Once designed, implemented and delivered, this result is to be reviewed to confirm if it can be considered as FOLIO-wide pattern for addressing similar issues with consistency.

Main pillars

The main pillars list the very basic principles of this solution:

  • Every use case allows to identify the single source of truth
  • Guaranteed Eventual consistency but not atomic consistency
  • Low coupling between modules

Design

High-level design

On high level this proposal is based on domain event pattern widely used in distributed systems. According to this pattern a service (or module, or app) emits so called domain events when domain objects/data changed, and publishes these domain events to a notification channel so that they can be consumed by other services. So, the solution consists of the following parts -

  • event producer,
  • notification channel, and
  • event consumer.

The responsibility of event producer is to ensure that any change in its data (when a domain object is created, updated or deleted) emits a dedicated domain event (containing information required to identify at least source module, changed object, and happened event). Also it has to guarantee that all emitted domain events are published to a notification channel. Note that event producer does not send domain events to a particular consumer; it just publishes events to a channel where they can be consumed by any consumers. Technically, every FOLIO module acting as a domain event source is to have event producer logic.
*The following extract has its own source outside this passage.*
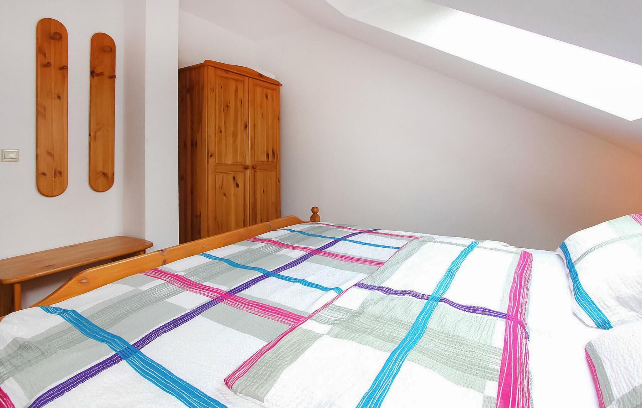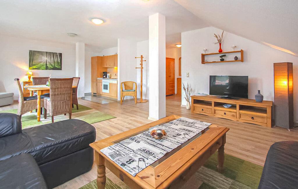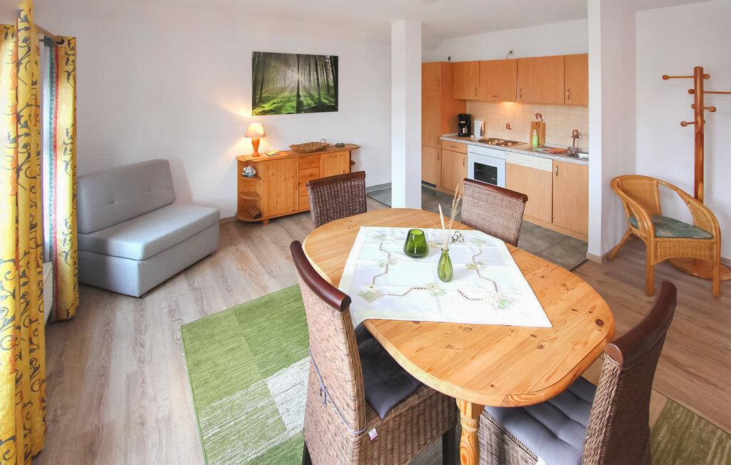 Diese Wohnung hat eine Größe von ca. 50 qm und ist für eine Belegung bis 4 Pers. geeignet. Sie verfügt über einen Wohnraum (Polster-Sitzecke inkl. Schlafcouch, Essplatz, TV, Radio), Küchenzeile mit E-Herd, Schlafraum (Doppelbett, Rollbett), DU/WC, Zentralheizung.

In turn, event consumer is responsible for reading domain events from notification channel and process them according to own business logic. From perspective of eventual consistency, event consumer is to acknowledge event consuming only after full processing on its side (including updating of database). Every FOLIO module acting as a destination is to have event consumer logic.

Notification channel acts in between event producer and event consumer. There should be a general notification delivery channel for transferring domain data event from modules-sources to modules-recipients. The channel must have characteristics such as guaranteed delivery with at-least-one semantic, as well as data persistence and minimal latency. Direct Kafka approach is recommended in this solution since it provides mentioned characteristics.
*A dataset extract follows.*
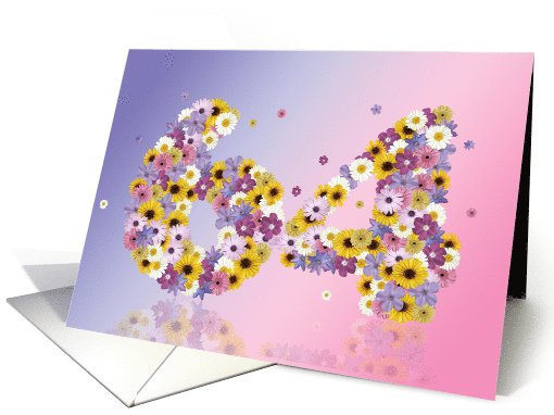 64th birthday party invitation. A fun birthday party invitation with happy numbers made from daisy flowers. An unusal and pretty party invitation.

So, a module-source should be able to track changes in data it owns, and publish such changes as a domain event to a specified Kafka topic. In turn, a module-recipient should be able to connect to a specified Kafka topic, consume domain events and handle them appropriately.

Since as per identified use cases at least several modules can act as a sources (or recipient) it makes sense to implement mentioned logic as a small library with as much common code as possible, and re-use in it each of current or further modules to decrease efforts and speed-up implementation.

Many modules-sources publish their domain events into Kafka topic aka FOLIO Domain Event Bus specifying source, event type (created, updated, moved, deleted etc.), unique identifier of changed record, other details if need. Modules-recipients connect to that topic with different consumer groups and process events. Please refer to Apache Kafka Messaging System for more details regarding Kafka best practices.

High-level diagram describing this proposal is shown below.

General provisions

  • Event producer is to be located in a module acting as a single source of truth
  • Event producer is to be located as close to data storage as possible
    • If an application follows the pattern of splitting into 2 modules (business-logic + data-access) than event producer should be located in mod-*-storage
    • Purpose is to reduce gap between a change in data storage and event publishing
  • Transactional outbox pattern is required in event producer to reliably update the database and publish events
    • Actually, this is a trade off between consistency and performance since outbox introduces additional delay (on polling interval maximum)
  • Proper topic partitioning is to be configured
    • Refer to Apache Kafka Messaging System#Topicpartitioning for more information
    • Due to proper partitioning all domain events with the same instance_id go to one and the same partition which in turn support correct events ordering even in case of 1+ event consumers
  • Event consumer can be located in either business-logic module or storage module
    • No strict criteria though it makes more sense to locate it in business-logic module if additional processing logic is required (e.g., consume event, request additional information from storage module or other modules, make checks or verifications etc.) while straightforward logic (e.g., just field updating) can be located in storage module.
    • Event consumer can read events in batches though inner processing is to be in series
  • Commit of read messages to Kafka (acknowledgement) is to be performed after full processing only
    • Auto-commit is not allowed
    • Another option is transactional inbox
  • The solution is to support at-least-one delivery, consequently event consumer is to be idempotent and be able to process repeated event
  • Dead Letter Queue is to be configured in order to enable removing of broken or invalid events from main Kafka topic though leaving them for additional processing
    • Configurable retries, Kafka events compaction etc. can be implemented here
  • A client library for Direct Kafka is to be implemented and re-used
  • Performance impact estimate
    • The only place with potential performance impact is adding of a outbox implementation to event producer when additional data is to be written into an outbox table
  • Delays estimate
    • The delay between the moment of a change in the producer and the moment of receiving an event about it in the consumer consists of the following components
      • outbox pattern and a period of polling an outbox table by a separate Message Relay process (say, 1 s)
      • network delays while transmitting an event to and from Kafka
      • a "polling" period in event consumer (say, 1 s)
    • So, theoretically this can take up to a few seconds though higher delays can happen in practice due to real world circumstances

Low-level design on the example of UIREC-148

Sequence diagramming

Below are sequence diagrams providing the runtime process details.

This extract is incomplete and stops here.